While it is arguable that Allstate’s is an effective commercial, it forced them to sacrifice that one thing on which marketing campaigns depend: slight-of-hand. The advertising industry does not want consumers to understand how they are being played upon. The consumer finds it distasteful to know that their very emotions are being used against them. As a result, the inner-workings of marketing campaigns have to be obscured. Allstate was forced to pull back the curtain on their machinations and all but spell out, everything is fine, our Presidential stand-in says so.

GEICO did not need to expose themselves in this way because they had their plucky Gecko. If that hadn’t worked, they had an entire Hanna Barbera-esque cast to roll out, which they did anyway. One of the latest GEICO campaigns features a literal stack of money (with eyes), it is said to be the money that the consumer could be saving by switching to GEICO".

In a different time, this might have been too blatant of a gimmick, however, even this has been well-received by GEICO’s audience, which is, by now, essentially a fan-base.
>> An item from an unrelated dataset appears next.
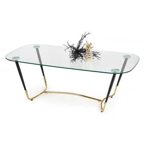 Zastanawiasz się w jaki sposób elegancko urządzić kącik kawowy? Marzysz o efekcie glamour, ale nie chcesz też przesadzić? Meble w stylu glamour często kojarzą nam się z przesadnymi, kiczowatymi i ciężkimi wizualnie. Nasz nowy projekt ukazuje ten styl w całkiem innej, nowej odsłonie. Ława Cestol stworzona została z miłości do nowoczesnej elegancji. Subtelna i lekka wizualnie forma ławy sprawia, że aranżacja nabiera wyjątkowo delikatnego charakteru i staje się zaskakująco rozświetlona. Przestronna, gładka tafla szklanego blatu unosi się na wyrafinowanej czarno-złotej podstawie dodającej ławie lekkości. Dzięki połączeniu transparentnego blatu oraz delikatnej, nienachalnej podstawy mebel ten zyskał lekkość wizualną oraz niepowtarzalną klasę. Doskonale odnajdzie się w aranżacjach w stylu glamour, nowoczesnym bądź klasycznym. Potencjał doskonałej ławy Cestol możesz wykorzystać w salonie, biurze, a także poczekalni. Cestol to bez wątpienia mebel, który powstał dla osób o wysublimowanych gustach. Wprowadź niepowtarzalny blask do swojej aranżacji i spraw by Cestol stała się główną atrakcją Twojego doskonałego kąciku gościnno-relaksacyjnego. Jesteśmy pewni, że z ogromną przyjemnością codziennie będziesz zachwycać się jej wyjątkowym designem, a ona zwróci na siebie uwagę każdego, kto się w nim pojawi!

On the website, Marsha Hill gushed, “The Geico money bundle has no gender or race. It just has eyes and the suggestion of a nose and mouth. One thing it does have is presence. It just sits there but that's all it has to do. It's effective, relevant, likable. There is no judgement (sic) in those eyes. They are not beady or threatening. They do not mock. There is no pride behind those eyes. They are completely honest!” (

In reacting to the challenge of difficult economic times GEICO’s hydra has just grown new heads. On an open forum message board called, dedicated to “collective intelligence”, a woman who identifies herself only as NOVA, gave the best explanation of (and only justification needed for) GEICO’s marketing hydra. She wrote, “I approve of the variety – if I had to see any one of them as often as I see all of them I would hate them with a passion”.